Sunday, June 22, 2008

Pay Attention

Marsh Chapel, Boston University

Jeremiah 20.7-13
Psalm 69
Matthew 10.24-39


It is almost always a sign that you are listening to a young preacher when said homiletician resorts to employing the sermon title for the purpose of encouraging you, dear listener, to in fact listen. While I am in fact a young preacher, it is my hope that over the coming span you will discover that there is more significance to our theme, “Pay Attention,” than such a simple enjoinder. Let us pray:
Gracious God, grant us, in all the changes and chances of this mortal life, to dread nothing but the loss of you, and to cast all our care upon you, who cares for us. When disasters lie ahead, help us to avoid them if we may, and to endure them if we must, knowing that we walk with the one who endured all for us, your Son our Savior Jesus Christ, who now lives and reigns with you and the Holy Spirit, one God, for ever and ever. Amen.

To what, then, shall we attend? I would suggest that our attention is drawn to those things in life that are out of place. We attend to unbalances in life, in an effort to reestablish equilibrium with our world. We flip the switch and, usually, the light goes on. But sometimes it does not and our attention is suddenly drawn to the fact that something is wrong. What might it be? Well, it is probably that the bulb has burned out so we go to the kitchen cupboard and dig out a new one. Hmm, still no light? Looking around, the microwave clock is off and the refrigerator is not running. Had we directed our attention more broadly, we would have noticed that the power is out. Knowing ourselves at least well enough to know that there is nothing we can do about power lines knocked out in a thunderstorm, our attention falls to plan B and we move about looking for flashlights and candles. Oh, but be careful with the candles! They bring their own risks and potential hazards, as our attention reminds us.
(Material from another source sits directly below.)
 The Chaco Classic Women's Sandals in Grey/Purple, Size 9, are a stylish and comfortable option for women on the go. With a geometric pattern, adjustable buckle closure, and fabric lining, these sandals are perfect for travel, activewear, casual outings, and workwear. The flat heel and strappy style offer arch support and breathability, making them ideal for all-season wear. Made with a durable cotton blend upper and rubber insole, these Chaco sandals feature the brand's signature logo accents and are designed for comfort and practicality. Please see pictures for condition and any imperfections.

After getting dressed and brushing our teeth, we carefully put out the candles and attend to our umbrella, since the power outage suggests that it is probably raining. We meander down the street and wait patiently at the T stop as gusts of wind blow the rain horizontally into us. So much for the umbrella. We get off at BU Central, scurry across Commonwealth Avenue and trundle up the steps into the narthex of Marsh Chapel. Passing through that narrow gate our attention is recast from the power outage and cold rain to the warmth of hospitality as we are greeted, offered a bulletin and find a seat next to friends. All the while the organ gently tosses out tones that fill the air with a shimmer of grace. The service begins as our attention is drawn to the pulpit in a spirit of confidence, grace and freedom. The choir sings the introit, we sing a hymn together, and as we join in a unison opening prayer the symbols that constitute our life in the world, that give us meaning, our sacred canopy falls into place.
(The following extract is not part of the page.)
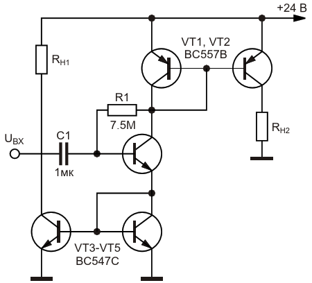 Рисунок 4. Усилитель низкой частоты на основе прецизионного токового зеркала

In the reading of scripture we are given a God’s eye view on the world and our place in it. We hear not only how God attends to the world, but also how God would have us attend to our world. We hear in the Gospel, “Are not two sparrows sold for a penny? Yet not one of them will fall to the ground apart from your Father. And even the hairs of your head are counted. So do not be afraid, you are of more value than many sparrows.” It is not the case that God does not value the sparrows. God accompanies the sparrows even as they are sacrificed. And yet we hear that we are of greater value than the sparrows. Ours is a world made up of values. Greater values and lesser values. Values concentrated here and dispersed over there. Precious when taken together, insignificant in any solitary part. God looks out over a world of value and God loves the world according to its value.
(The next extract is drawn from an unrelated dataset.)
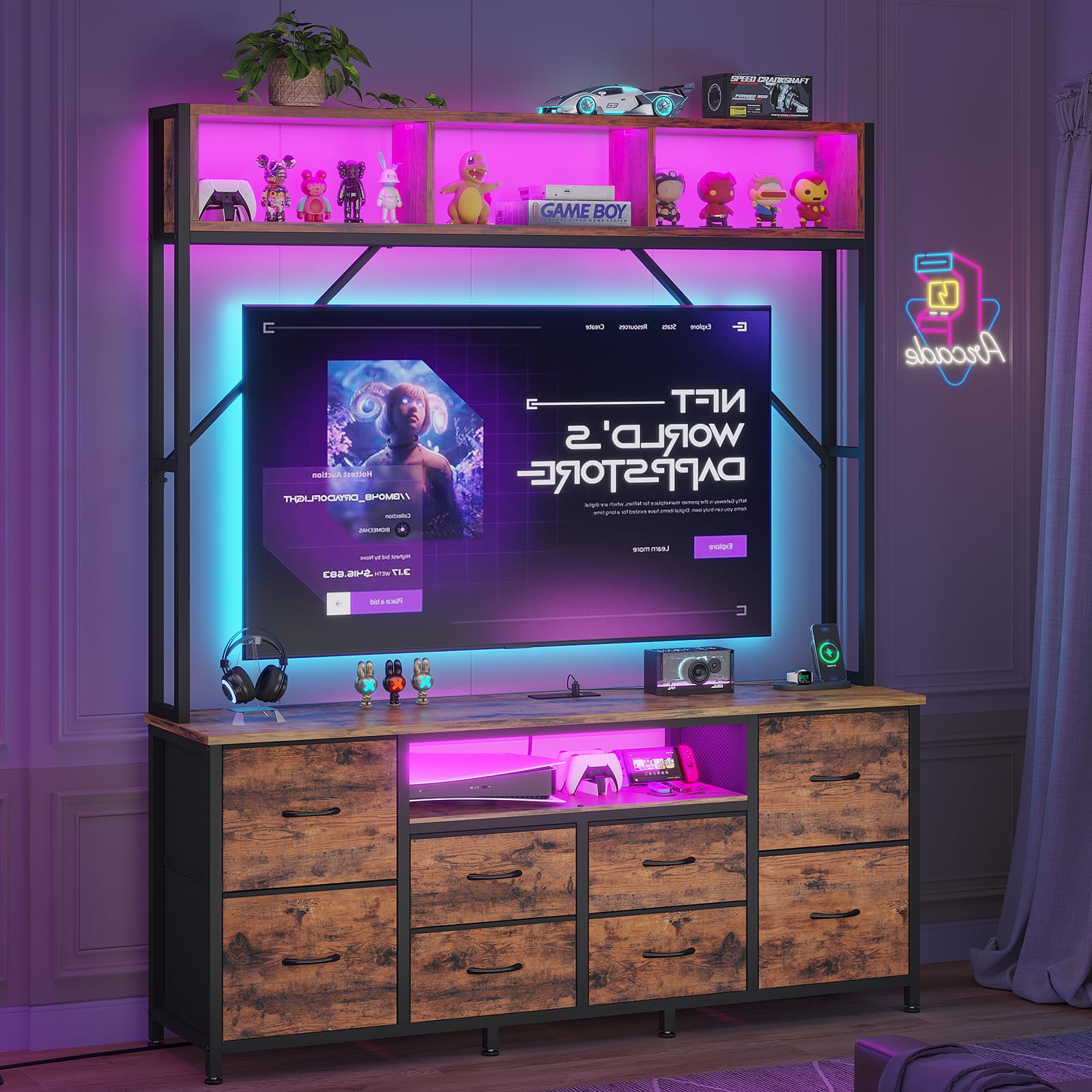 - TV Stand with Ample Storage Space: This tv stand equiped with 6 spacious folding fabric drawers and ample open storage shelf provides you neatly organized your books, clothing, toys, games goods and store your media accessories, blankets, and other essentials. The roomy open shlves with smart LED lights strips for placing your favorite game figurines, picture frames, flowers and cute decorations.

We too look out over a world of value. To a large extent, the economists are right in their assumption that our consideration of the values in the world is of their value for ourselves. In antique cultures, family held a supreme value. Family equipped children for life and provided its members a way in the world: marriage, work, social status. This is still so today for many in the world. A high valuation of one’s family is a valuation based in self-interest. How surprising it still is for us to hear Jesus rend apart the family basis of society by setting children against parents. Jesus speaks as a prophet, recasting the world from God’s perspective, everything according to its value not for us but in itself. Jesus calls us to live our lives in the world in ultimate perspective, in God’s perspective. It is God who is of ultimate value and from whom we in the world receive our value. Our attention properly directed holds the world in light of divine life. We become sinful precisely when we hold the world in our own light. It is those rare moments of insight when we glimpse the world of value in divine perspective that we call transcendence.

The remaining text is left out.